Письма же самой Настасьи Львовны мужу (сохранилось лишь одно) просто пылали нежной любовью: «Обожаемый мой, жизнь моя, сокровище бесценное, дорогой мой, душа моя, как мог ты вообразить, что я затаила на тебя обиду? <…>» — обращается она к мужу в мае 1840 года (перевод с французского). И далее в письме как только его не величает: «моя душичка», «моя милая душичка», «шеринька» (от французского cher — милый, дорогой)…
Поэт вообще — существо необычайно чувствительное и впечатлительное; любая искра в нём мгновенно вспыхивает пламенем и вырастает в пожар, — такова сила воображения. Боратынский обладал этими свойствами в высшей степени, что столь же говорит о величине его поэтического дара, сколько и о боли и бедах, которые он наносил самому себе своим воображением, когда не мог справиться с ним. Это напрямую касается и его мнительности. Гейр Хетсо замечает: «<…> Жена поэта ничуть не рассеивала его подозрительности. Пользуясь всё возрастающим влиянием на своего мужа, она, по-видимому, ещё и поощряла в нём усиливающуюся с годами склонность к мнительности».

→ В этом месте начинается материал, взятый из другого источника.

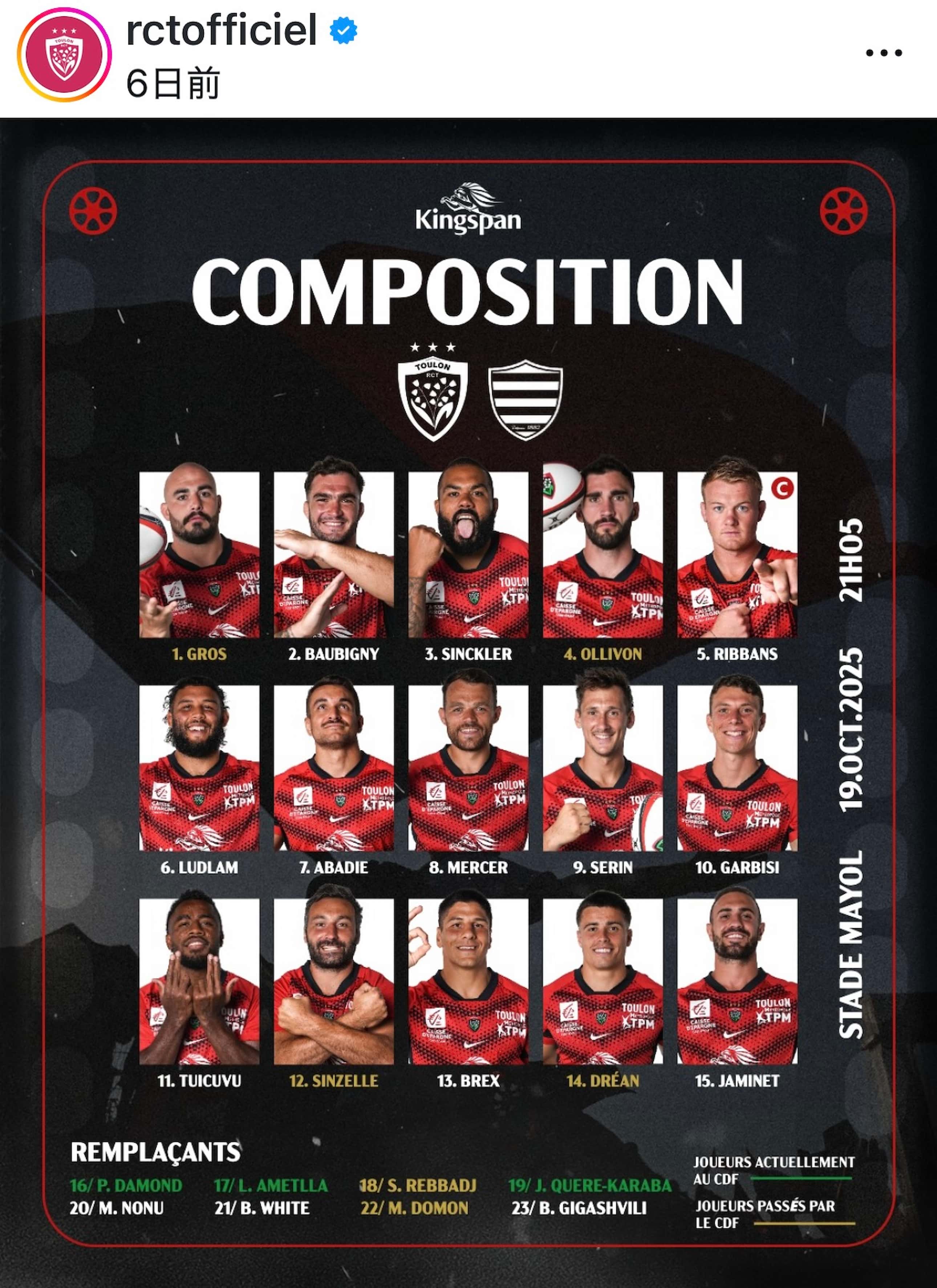 この試合は、今年の1月4日に右膝の前十字靭帯の断裂という大怪我を負ってピッチから離れていたFLシャルル・オリヴォンの復帰2戦目となった。ゲームキャプテンの予定だったLOデイヴィッド・リバンズが体調不調のため欠場することになり、急遽キャプテンに任命されたが、チームの先頭に立ちピッチに入る姿は従来通りの貫禄を感じさせた。カメラが彼の後ろ姿をアップで捉える。背負う番号は「4」。トゥーロンはLOの負傷者が出ていて、少し微妙な状態なのだ。オリヴォンがLOでプレーするのはプロのキャリアでは2度目のこと。前回は2021年5月に遡るが、この日も穴埋め以上の働きを見せ、ミニョニHCは「LOでプレーするためのあらゆる能力を備えている」と称賛し、今後のオプションとして期待を寄せた。

Биограф Алексей Песков, размышляя о разрыве поэта с Киреевским, пришёл к парадоксальному, но чрезвычайно точному выводу: «Одной из главных причин кризиса, вероятнее всего, стало то, что составляло вместе с тем его счастье — семейная идиллия. Мирный, размеренный семейный быт был для Боратынского необходим, как воздух. Однако в реальности тесный домашний круг являлся оплотом полноценного бытия лишь постольку, поскольку был возможен периодический выход за его пределы. Для Боратынского такими выходами служили, во-первых, общение с Киреевским, во-вторых, участие в литературе. Когда он писал Киреевскому после закрытия „Европейца“ о том, что теперь, несмотря ни на что, надо продолжать трудиться, как на необитаемом острове <…>, он не лукавил. Но одно дело — убеждённость человека в том, как следует действовать в экстремальной ситуации, другое — его действительное психическое состояние в такой ситуации. И, как выяснилось впоследствии, писать как на необитаемом острове, без повседневного общения с мыслящим другом и в отрыве от близкой литературной среды, Боратынский мог преимущественно об одном: фигурально выражаясь, о том, что он на необитаемом острове — об одиночестве художника, о бессмысленности и бесплодности жизни, об отчаянии человека, не находящего нигде отзыва своему слову (см. „Последний поэт“, „Недоносок“, „Бокал“, „Осень“, „Были бури, непогоды…“, „На что вы дни! Юдольный мир явленья…“, „Рифма“ и проч.)».